If you're interested -- I did a small write-up after our first trip in '09 (about 30 miles from Limcroma)about things I wish I had known as a first-timer. I added a bit to it after the '11 trip. It's a little too long to post here, but if you're interested PM me an email address and I'll send it to you.

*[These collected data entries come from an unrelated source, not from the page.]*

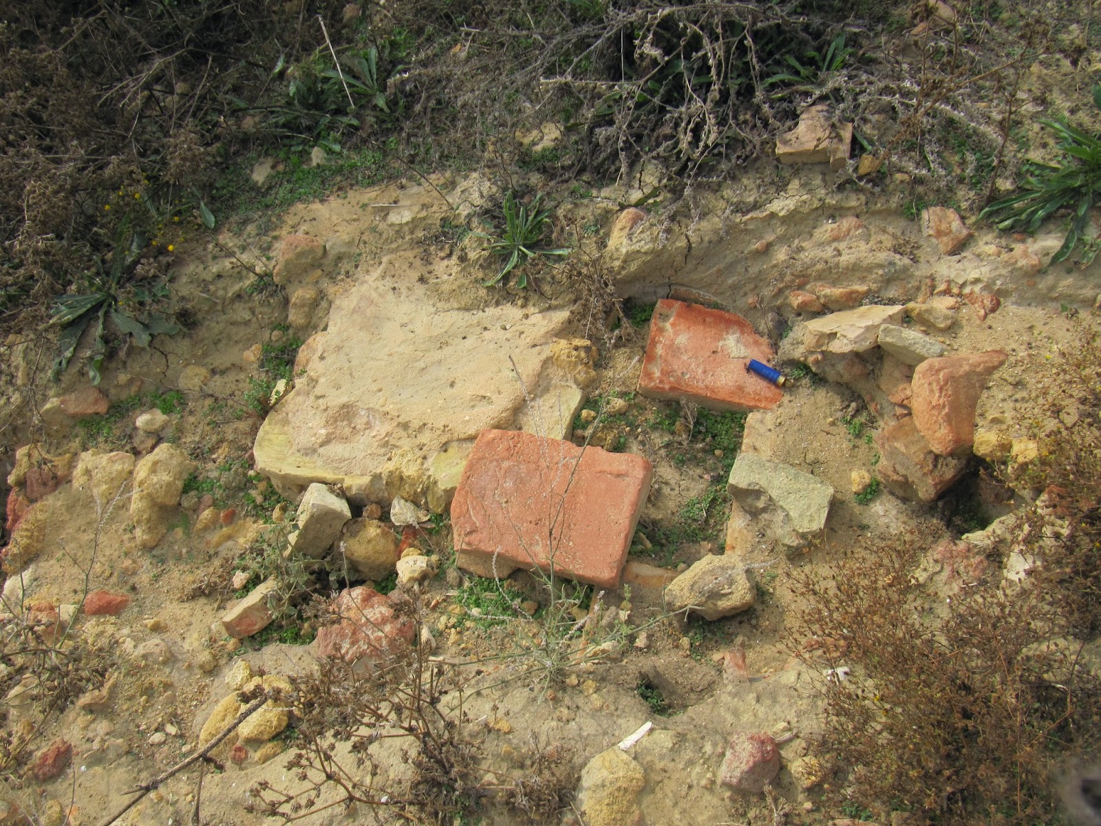 La mina de Alcalá es de origen romano y construida en el Alto Imperio, si bien ha sido remodelada y ampliada desde época árabe hasta la actualidad . Son también estos ladrillos los que habitualmente suelen encontrarse en restos de villas rurales romanas asociadas al núcleo poblacional de Alcaudete. Los hemos medido y registrado en yacimientos cercanos como los que se ven en las siguientes imágenes tomadas en las proximidades del cortijo abandonado de “Marileón”. En las fotos se aprecia una solería de ladrillos de medidas 29X22 cm. un gran ladrillo de 60X60 bipedalium, así como restos de tégulas y pavimento opus signinum. Estos restos están diseminados sobre una superficie cultivada de unas tres hectáreas sobre la colina y pertenecen a uno de los núcleos rurales romanos asociados a Alcaudete.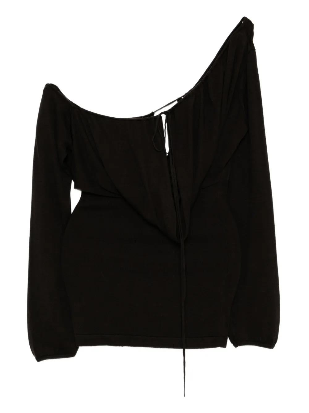 chocolate brown front tie fastening asymmetric neck long sleeves draped design
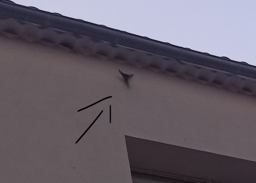 mais c’est pas tout ! Après avoir enfin trouvé des nids de Martinets, c’est sur la façade d’un deuxième logement que l’on voit cette fois non pas un ou deux, mais une dizaine d’adultes en train de nourrir les jeunes !

Get ready for the trip of your life, and, yeah, probably the flight of your life as well. The hunt's great -- the travel, well, not so much.

Best of luck to you.


----------



## c5ken (Jul 15, 2004)

bbjavelina,
Thanks for the reply.
I sent you a PM. I'd like to read your write-up & have several questions.

Ken


----------



## firehuntfish (May 17, 2009)

c5ken,

BBJ has provided you with accurate info on your set up.... The only thing I would add is that you stick to the best fixed blade broadhead that flys the most accurately from your particular set up. I would also encourage you to study and practice shot placement on African plainsgame animals. Everybody, and I mean EVERYBODY, from the U.S. is programmed to put that pin in the crease behind the shoulder. It's hard to break that habit, but you will leave yourself a very small margin for error. That shot will get you the very back of the lungs, and if you are a few inches behind the crease, you will miss the vitals completely. Straight up the middle of the front leg, mid-body is the rule of thumb....You will have a blast! Limcroma is awesome!


BBJ,

What species are you guys looking for that Limcroma does not offer? I've hunted with them 3 times in 4 different SA provinces and 3 countries. I'm pretty certain that there isn't any species in the lower third of the continent that they cannot put you on...?


----------



## bowtech2006 (Apr 1, 2006)

I went to Africa in 2012 and killed 11 plains game animals with this set up
2012 cpxl
62.1 lbs
418 grain arrow
Qad exodus swept 100 grain.

You will be fine with your set up!
Enjoy yourself.


----------



## bowtech2006 (Apr 1, 2006)

On flight advice get economy plus seats if you can and what I did was stayed awake for 27 hrs including flight to GA then got on plane to SA ate dinner and drank 6 beers and took an ambin sleeping pills I woke up almost 10 hrs later face planted on eating tray Lol worked great for trip home also but drank 8 beers on way home.


----------



## c5ken (Jul 15, 2004)

Thanks for the info everyone.
All of the arrangements are in place. I'm traveling with a hunting buddy & we are bringing our brides.. After our 10 day hunt with Limcoma, we are staying in S.A for an additional week, spending time at Cape Town & Krueger N.P..


----------



## bbjavelina (Jan 30, 2005)

firehuntfish said:


> c5ken,
> 
> BBJ has provided you with accurate info on your set up.... The only thing I would add is that you stick to the best fixed blade broadhead that flys the most accurately from your particular set up. I would also encourage you to study and practice shot placement on African plainsgame animals. Everybody, and I mean EVERYBODY, from the U.S. is programmed to put that pin in the crease behind the shoulder. It's hard to break that habit, but you will leave yourself a very small margin for error. That shot will get you the very back of the lungs, and if you are a few inches behind the crease, you will miss the vitals completely. Straight up the middle of the front leg, mid-body is the rule of thumb....You will have a blast! Limcroma is awesome!
> 
> ...


fhf,

Yep, Hannes and his crew said they could put us on anything we wanted, and anywhere on the continent. When we asked for further info we did not get replies. This after 2 visits at the Houston SCI shows and several emails. 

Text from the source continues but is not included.